Jetzt fahren wir nach Hause! Aber wir vergessen euch nicht! Bis ganz bald, meine Lieben!«

Clara Roussel war gerade dabei, an der Sorbonne ihre Licence in Jura abzuschließen, als sie beschloss, am nationalen Ausschreibungsverfahren für die Polizei teilzunehmen. Sie war vierundzwanzig Jahre alt. Sie vermochte nicht zu erklären, wie sie eines Morgens auf diesen Gedanken gekommen war, da es an den vorangegangenen Tagen keinerlei Vorzeichen für eine solche Wende in ihrem Leben gegeben hatte. Allenfalls konnte sie ein Bedürfnis nach Gerechtigkeit anführen, den Wunsch, sich nützlich zu fühlen, das Ideal, die Bürger zu schützen und zu verteidigen, alles banale Argumente, die in Wahrheit nur Vorwände waren. Denn sie konnte nicht, wie sie es später ohne jeden Skrupel und ohne jede Verlegenheit tun würde, sagen: Ich will das Blut, den Schrecken und das Böse von möglichst Nahem sehen. Dabei hatte sie nur wenige Kriminalromane gelesen (einmal abgesehen von ein paar Agatha Christies in einem verregneten Sommer in der Bretagne) und sah sich keine einzige einschlägige Serie an. Sie war bereits im Jugendlichenalter, als ihre Eltern einwilligten, einen Fernseher anzuschaffen, der jedoch nur für Dokumentationen und politische Sendungen angeschaltet werden durfte. Dennoch waren es zwei Filme – sie hatte sie im Kino gesehen –, die ihre Vorstellungskraft besonders bewegt hatten: Serpico von Sidney Lumet (für ihren Vater einer seiner Kultfilme) und Der Bulle von Paris von Maurice Pialat. (Ihr damaliger Freund war gerade an der Filmhochschule angenommen worden und wollte ihr das französische Kino nahebringen.)

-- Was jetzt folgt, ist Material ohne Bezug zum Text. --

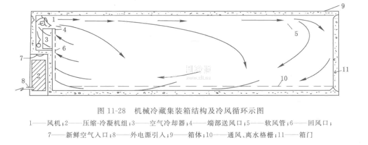 機械式冷藏集裝箱不僅有制冷裝置,而且具有加熱裝置,可以根據需要采用制冷或加熱手段,使冷藏集裝箱的箱內溫度控制在設定的溫度范圍內。一般機械式冷藏集裝箱的箱內控制溫度范圍為-38~-18℃。

Nach dem zweiten Studienjahr hatte Clara die elterliche Wohnung verlassen und war in eine Wohngemeinschaft im XIII.Arrondissement, ganz in der Nähe der Porte de Gentilly, gezogen. Die Miete war nicht hoch, und die Wohnung bereits möbliert. Sie waren zu dritt. Die beiden anderen waren offiziell ein Paar, was ihr jedoch wenig glaubwürdig schien: Nicht nur waren sie völlig gegensätzlich, es bestand auch nicht die geringste erotische Spannung zwischen ihnen. Mit Grund. Clara entdeckte bald, was man in ihrer Familie mit erklärter Freude an der Ironie »das große Geheimnis« nannte, dass nämlich beide eine echte Liebesbeziehung zu einem Menschen ihres eigenen Geschlechts unterhielten und ihr Zweckbündnis nur dazu diente, die etwas engstirnigen Eltern zu täuschen. Claras Eltern hingegen hätten kein Problem damit gehabt, wenn ihre Tochter lesbisch gewesen wäre, was jedoch nicht der Fall war. Aber sie hielten es zunächst für einen schlechten Witz, als Clara ihnen mitteilte, sie wolle am nationalen Auswahlverfahren für die Polizei teilnehmen.

»Bei der ersten Prüfung müssen wir einen Aufsatz schreiben, es geht um Allgemeinbildung«, fuhr Clara fort, nachdem sie ihnen erklärt hatte, dass das externe Auswahlverfahren für Polizeioffiziere Bewerbern vorbehalten war, die mindestens die Licence oder einen gleichwertigen Hochschulabschluss hatten. Wenn sie die Prüfung bestehe, würde sie unmittelbar nach dem Auswahlverfahren ihr Studium an der Polizeihochschule aufnehmen.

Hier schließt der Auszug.